Re: (Updated) Table File Format

From
"Michael Richards"
Date:
Okay,

Where would I find a definition of the tuple data? I didn't see anything
promising in include/storage?

I've found a definition for the page inside pagebuf.h That clears up all the
page stuff. I'm still having a little trouble decoding the tuple data
within. Hannu Krosing sent me a python script to do the extract, but having
never seen a line of Python before in my life, I'm having a little trouble
with the actual tuple data. I can see where the actual transaction
visibility info is in the tuple data, but the actual data... nope. My
program (c++) is at the point where it will create tuple objects for every
block of "tuple" data within the page.

thanks
-Michael

----- Original Message -----
From: "Tom Lane" <tgl@sss.pgh.pa.us>
To: "Michael Richards" <miker@interchange.ca>
Cc: <pgsql-hackers@postgresql.org>
Sent: Thursday, December 14, 2000 12:44 AM
Subject: Re: [HACKERS] (Updated) Table File Format


> "Michael Richards" <miker@interchange.ca> writes:
> >  Following that I find the 2 word tuple pointers.
> > The first word appears to be the offset in the page where the tuple can
be
> > found but the MSB has to be stripped off (haven't found it's function in
the
> > source yet).
> > The second is the transactionid that, if comitted gives this tuple
> > visibility???
>
> No, offset and length --- there is also a 2-bit flags field.  Look at
> the page and item declarations in src/include/storage/
>
> Someone else was recently working on a bit-level dump tool, but I've
> forgotten who.
>
> regards, tom lane



Re: (Updated) Table File Format

From
Hannu Krosing
Date:
Michael Richards wrote:
> 
> Okay,
> 
> Where would I find a definition of the tuple data? I didn't see anything
> promising in include/storage?
> 
> I've found a definition for the page inside pagebuf.h That clears up all the
> page stuff. I'm still having a little trouble decoding the tuple data
> within. Hannu Krosing sent me a python script to do the extract, but having
> never seen a line of Python before in my life, I'm having a little trouble
> with the actual tuple data. I can see where the actual transaction
> visibility info is in the tuple data, but the actual data... nope. My
> program (c++) is at the point where it will create tuple objects for every
> block of "tuple" data within the page.

IIRC, the data field format for individual fields is the same as defined
in 
the back-end/front-end protocol for binary cursors.

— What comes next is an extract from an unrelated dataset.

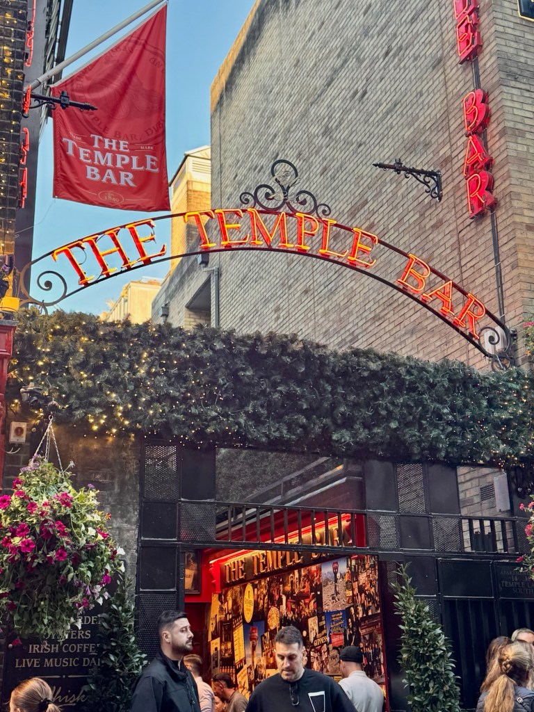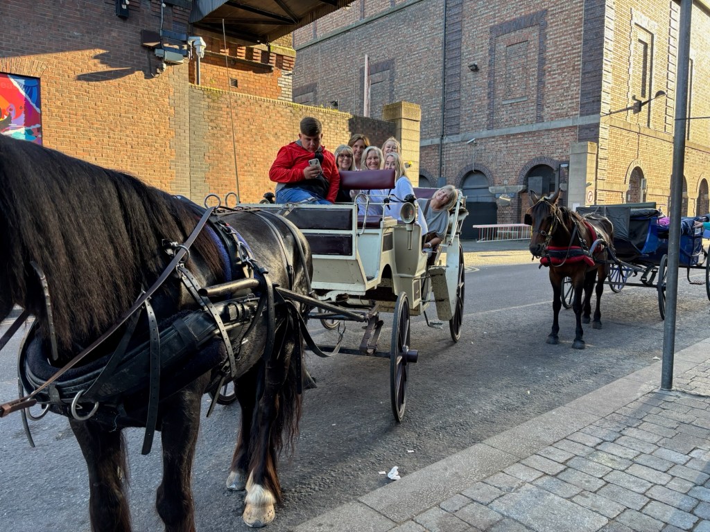 Our last stop for the evening was Temple Bar, Dublin’s most famous nightlife district. It’s about a 25-minute walk (or a short 10-minute cab ride) from the Guinness Storehouse — technically walkable, but after a long day of sightseeing, a few of us decided to enjoy the charm of a horse-drawn carriage through the cobblestone streets instead.

if there are any NULL fields in the record then there is a flag
somewhere in 
the tuple header and a bitmap of N*32 bits (N=no_of_fields/32) for
missing .
It is possible that there is no flag and you must deduce the presence of 
bitmap from the tuple-header length, im not sure which way it was.

The actual fields in a table and their order must be extracted from
pg_class 
and pg_attribute tables.

------------
Hannu